Иду над океаном — страница 84 из 116

И вдруг он почувствовал какое-то непонятное облегчение, словно свалился с плеч привычный уже груз. Именно привычный — носил, не замечая, вот не стало его — и понял, какая это была тяжесть. Он вспомнил и радостно удивился тому, что легко ему вспоминать ту вторую свою женщину, от которой отделяло его теперь не более часа полета. Ему легко было думать о ней и представлять ее слабое бледное лицо и тихие глаза, и узкие, совсем не для Севера плечи и не для такой трудной любви к нему, к Декабреву, тяжелому человеку, не говорившему о себе даже тогда, когда это было им обоим необходимо.

Она приехала на Север, к суровому, недоброму океану давно, почти девчонкой, разыскивать старшего брата.

В 1955 году, когда она приехала, ей было семнадцать лет, и она ничего не умела делать. Брата она не нашла. О нем просто никто ничего не знал. Те, кто мог бы что-то сказать ей, исчезли, как дым, — кто на пенсию, кто в места еще более отдаленные, но никого из них она не застала. А новые еще не вошли в курс дела. Приехала бы она чуть позже — на год, полтора, может быть, было бы иначе. И потом, здесь все до единого заняты работой — в геологических партиях, в АТК, на промывке, в управлениях. Здесь не было частных домов, чтобы приклонить там голову. Да она и не умела ни просить для себя, ни искать, ни настаивать. И она уже двое суток, благо были белые ночи, ходила по городу, у которого не было окраин и который обрывался у океана и начинался прямо в тундре. Дремала в сквере, засунув руки в рукава осеннего пальтишка.

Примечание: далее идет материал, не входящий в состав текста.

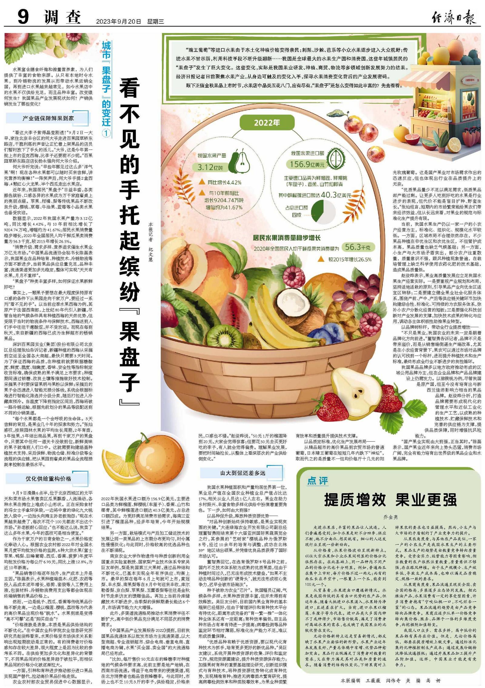 走进水果店,丰富的果品让人流连。人们普遍感受到,如今水果是时不分四季、供应不断,地不分南北、想买就有。细心的人还发现行业呈现一些新动向。

На третьи сутки она пошла в тундру. Пересекла весь город, сошла с полотна шоссейки и двинулась через стланик, по мокрому мху — она не знала, что идет прямо на север. Она вроде бы слышала какие-то гудки, но не обернулась. Потом гудки прекратились. У нее кружилась голова, и в душе было пусто-пусто, словно вынули ту пружину, на которой все держалось. Она села на что-то. Это оказался поросший колючим мхом камень. Кто-то потряс ее за плечи. Она открыла глаза и увидела перед собой тяжелое и грубое женское лицо — так ей показалось. Рядом стоял мужчина в ватнике, стеганых брюках и сапогах.

— Что это с вами, милочка? — строго спрашивала женщина.

Она не ответила — звуки голоса доходили едва-едва, словно из-под воды. Недалеко ушла она от шоссе, как ей потом рассказала Мария Максимовна, секретарь-машинистка горного управления, — метров на двести. Ее увидели с дороги, из кабины грузовика. Мария Максимовна ехала с кальками в Ягодное, выполняла задание своего начальника.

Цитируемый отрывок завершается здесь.